SL 4.10 — Regression Line of x on y & Prediction

1. Understanding the Regression Line of x on y

The regression line of x on y is a mathematical model used when our goal is to estimate or predict values of x given values of y.
It takes the form:

x = a + by

This line is derived using the least squares principle — the method that minimises the vertical distances between the observed x-values and the predicted ones generated by the model.
It is essential to understand that:

• this line minimizes errors in predicting x, not y;
• the slope depends on the correlation between x and y;
• the regression line is not symmetric — the regression of x on y ≠ regression of y on x.

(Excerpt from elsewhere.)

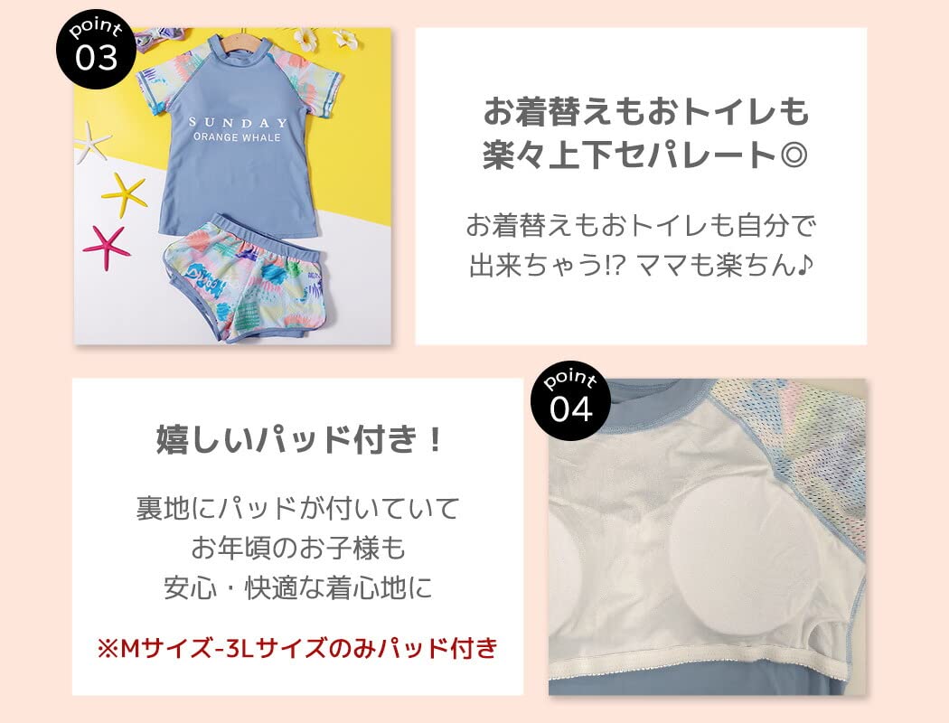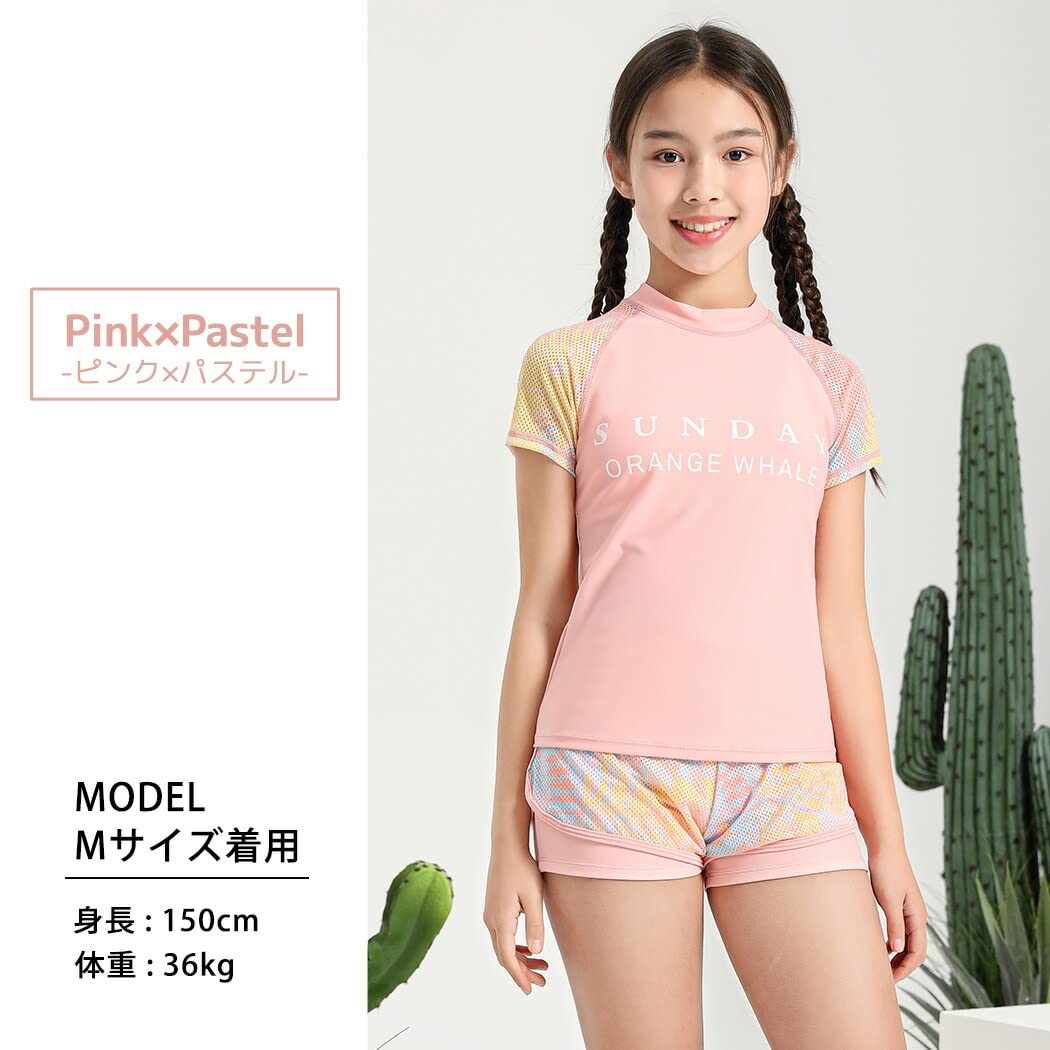 Set contents: 2-piece top and bottom set swimwear (short-sleeved tops + shorts) A total outfit with a high neck and perfect sun protection♪ Junior Children's swimwear Swimwear Suitable for heights 130cm 140cm 150cm 160cm 170cm Elementary school students Size S Reference height 130-140 Length 48 Width 32 Skirt length 27 Waist 54 Pants length 20■ [Product details] Zipper: None Waist adjustment: None Metal parts: None Plastic parts: None ■Easy to separate top and bottom for changing clothes and using the toilet ◎You can change your clothes and use the toilet by yourself! ? It's easy for moms too♪ ■You can change your clothes as if you were wearing clothes! Just slip it over top like a shirt! Easy to change even by yourself♪ ■Kids swimsuit for girls

https://upload.wikimedia.org/wikipedia/commons/b/be/Normdist_regression.png

2. Using the Regression Line for Predictions

The purpose of a regression line is to predict the most likely value of x for a given value of y.
However, predictions are only meaningful under certain conditions:

• The relationship between x and y must be approximately linear.
• The value of y used for prediction lies realistically within the data range (to avoid extrapolation).
• The regression line of x on y must only be used to predict x, not y.

3. The Danger of Extrapolation

Extrapolation occurs when we use values of y that are outside the observed data range.
The regression model is only valid within the limits of the data we have collected.
Beyond that range, predictions become unreliable because:

• the relationship may not remain linear;
• future trends may change;
• the model cannot account for new behaviour outside the dataset.